+++ Record excerpts +++

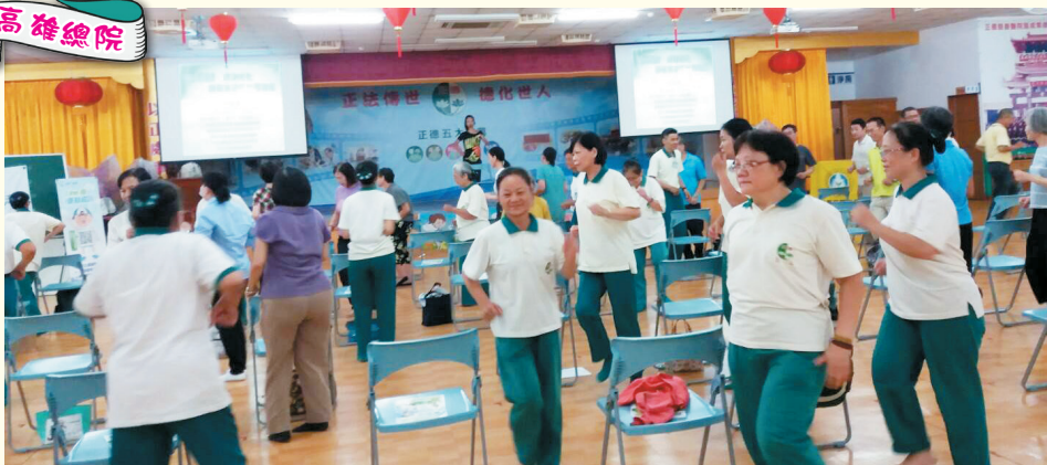
▲高雄總院-認識健康體適能「健康停損 so easy」活動課程，大夥兒動起來。
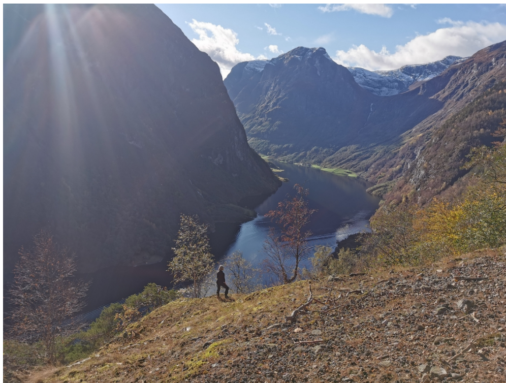
Figur 4. Det er skrått terreng ned mot fjorden frå Rognaldsskori. Dette kan vere skummelt dersom folk vil lengst mogleg ned på kanten for å ta bilde, men dette er ikkje vurdert å vere verre enn på andre turmål i området.

Fordelen med denne turen framfor andre turar i området, er at turmålet ligg godt nedanfor leveområdet til villreinen. Samtidig kjem du høgt nok opp til å få flott utsikt. Ein kan håpe at marknadsføring av denne turen til ein viss grad kan avlaste andre populære turområde i Dyrdal, som er meir sårbare for slitasje på sårbar vegetasjon og påverknad på villrein.
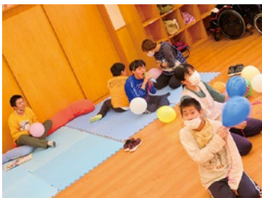
全国のお友達と繋がり、風船を使って体を動かしました♪
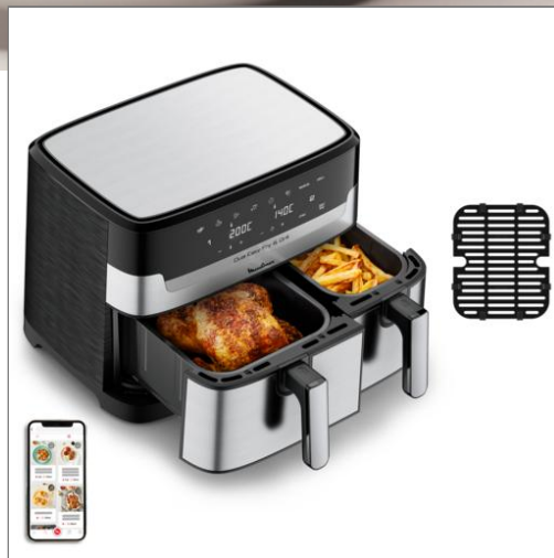
FRITEUSE A AIR DUAL EASY FRY & GRILL 8,3 L en acier inoxydable Friteuse à air Dual Easy Fry & Grill 8.3 L en acier inoxydable EZ905D20
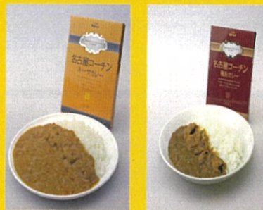
名古屋コーチンカレー 2種計4箱 3780円
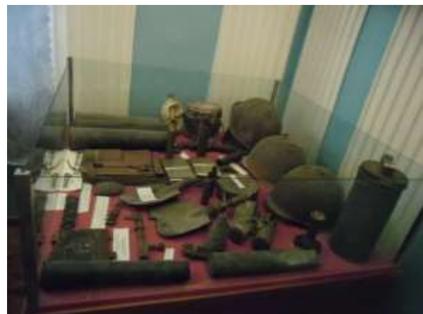
Фото 20, 21. Витрины экспозиции «Железное эхо войны».
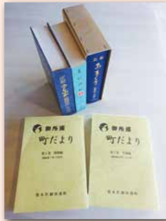
▲合併前に発行された広報縮刷版
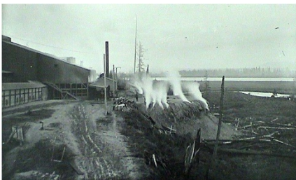
La fundición Asarco en operación alrededor de 1900.

1990: El Departamento de Ecología descubrió arsénico, plomo, cadmio y otros metales en el suelo alrededor de North Everett. Esta contaminación proviene de la fundición de Everett, que operó desde 1894 a 1912.
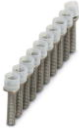
Bridge bar isolator, Number of positions: 10, Color: silver

Please be informed that the data shown in this PDF Document is generated from our Online Catalog. Please find the complete data in the user's documentation. Our General Terms of Use for Downloads are valid ( http://download.phoenixcontact.com )
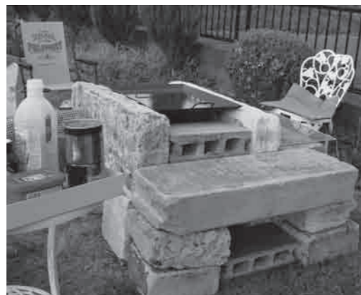
コンクリートブロックと大谷石のバーベキュー炉

■震災ごみでガーデニングを 東日本大震災によって壊れた屋根瓦やブロック塀が大量に持ち込まれています。市では今後これらのごみを処分することとしていますが、ガーデニングなどに再利用してみてもいかがでしょうか？
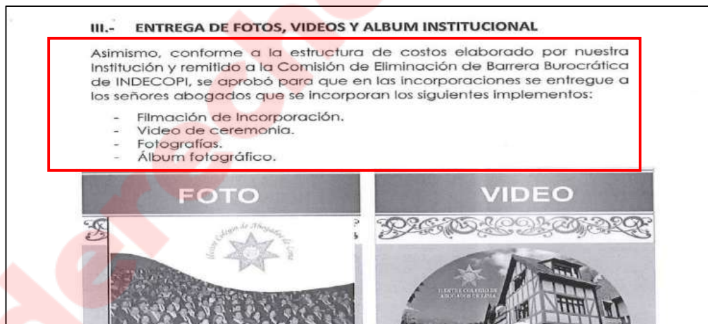
IMAGEN 6 TERCER INFORME SEMESTRAL DE ACTIVIDADES DEL VICEDECANATO
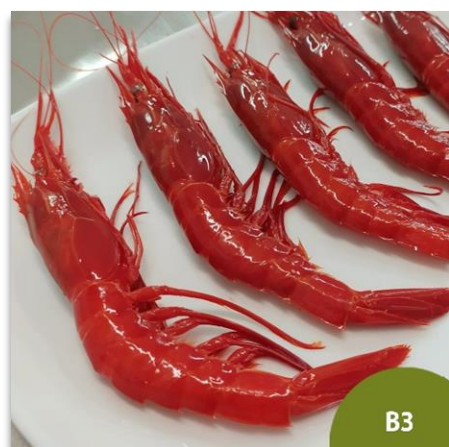
Carabinero o Brillante Gordo B3 (17 a 22 piezas en kilo)
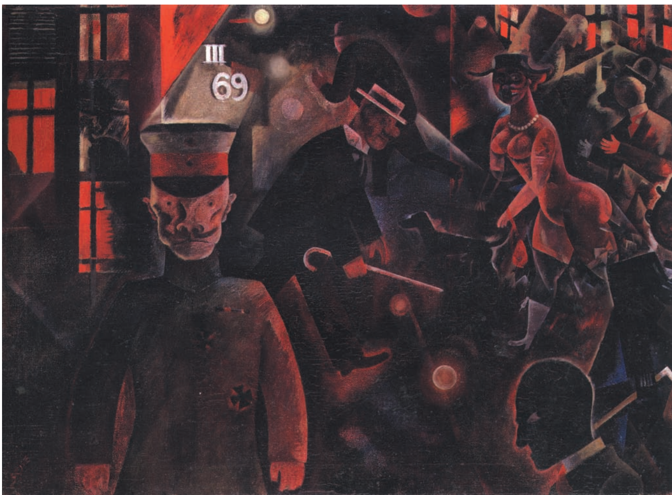
Strada pericolosa (1917)

sto successivo alla fondazione del Partito Socialista Rivoluzionario di Romagna (in seguito divenuto Partito Socialista Rivoluzionario Italiano). Poi, il grande passo: quando in parlamento cominciò il dibattito per le votazioni della legge sul suffragio universale, Costa iniziò a sostenere la necessità che il movimento socialista italiano partecipasse attivamente alla vita politica della nazione. Nel gennaio 1882 la riforma sul voto fu approvata, e in breve fu decisa la partecipazione dei socialisti alla campagna elettorale.
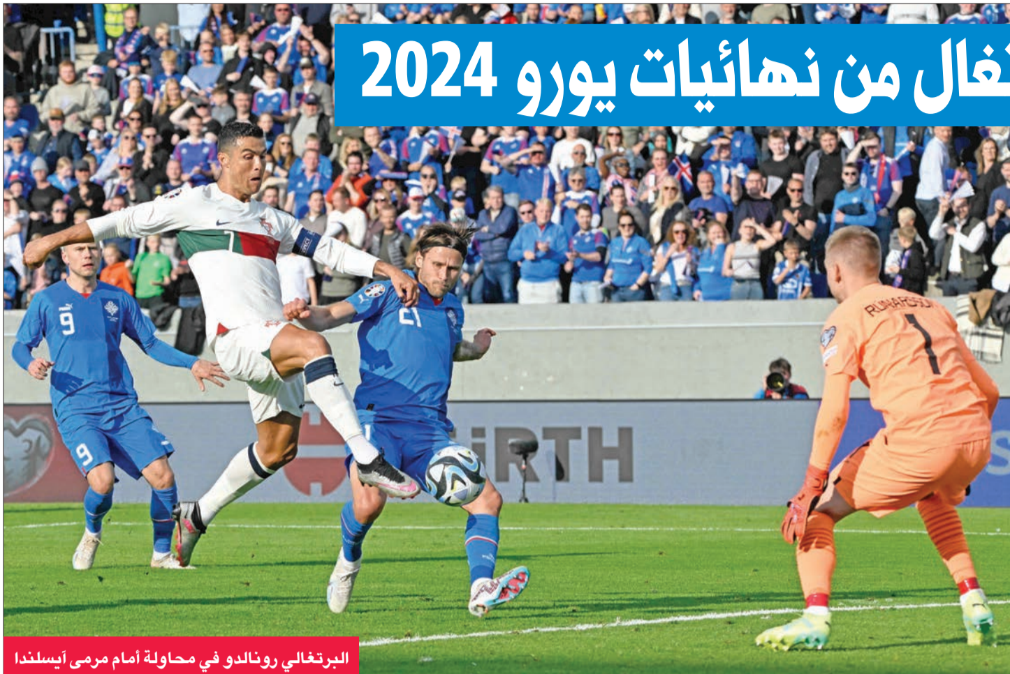
البرتغالي رونالدو في محاولة أمام مرمرى آيسلندا

سجل كريستيانو رونالدو هدفاً متأخراً ليقيده البرتغال للفوز 1 - 0 صفر على مضيفتها آيسلندا الثلاثاء، ليعزز صدارة بلاده للمجموعة العاشرة لتصفيات بطولة أوروبا لكرة القدم.
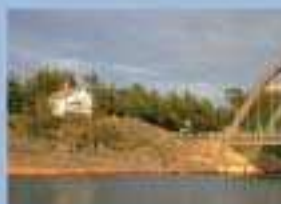
BOMARSUNDSMUSEET JUNI, AUGUSTI mån - fre kl. 10 - 18 JULI dagligen kl. 10 - 18
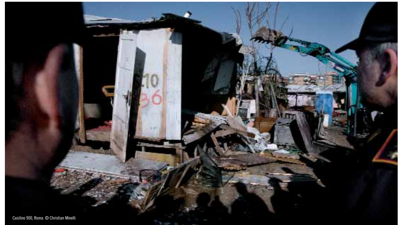
Casilino 900, Roma.

Le sue pubblicazioni affrontano la storia della persecuzione dei rom durante il nazi-fascismo e la permanenza dello stereotipo dello "zingaro" a livello socio-educativo. Il suo ultimo libro è "Tra inclusione ed esclusione - Una storia sociale dell'educazione dei rom e dei sinti in Italia" (Edizioni Unicopli).
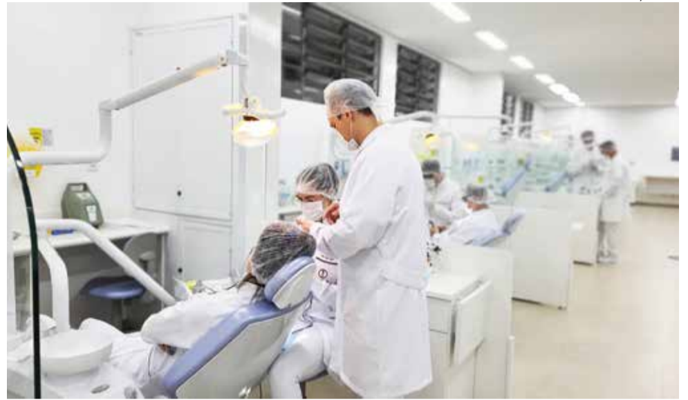
Unoesc São Miguel do Oeste dispõe de uma moderna clínica odontológica que ficará também à disposição da população
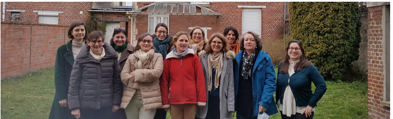
L'équipe enseignante au complet lors de la formation à La grammaire de la vie (+ 1 proche collaboratrice...)

+++

_Activity_: Which of the lines above mention the word "آيسلندا"? Pull those lines out.

_Answer section_:
البرتغالي رونالدو في محاولة أمام مرمرى آيسلندا
سجل كريستيانو رونالدو هدفاً متأخراً ليقيده البرتغال للفوز 1 - 0 صفر على مضيفتها آيسلندا الثلاثاء، ليعزز صدارة بلاده للمجموعة العاشرة لتصفيات بطولة أوروبا لكرة القدم.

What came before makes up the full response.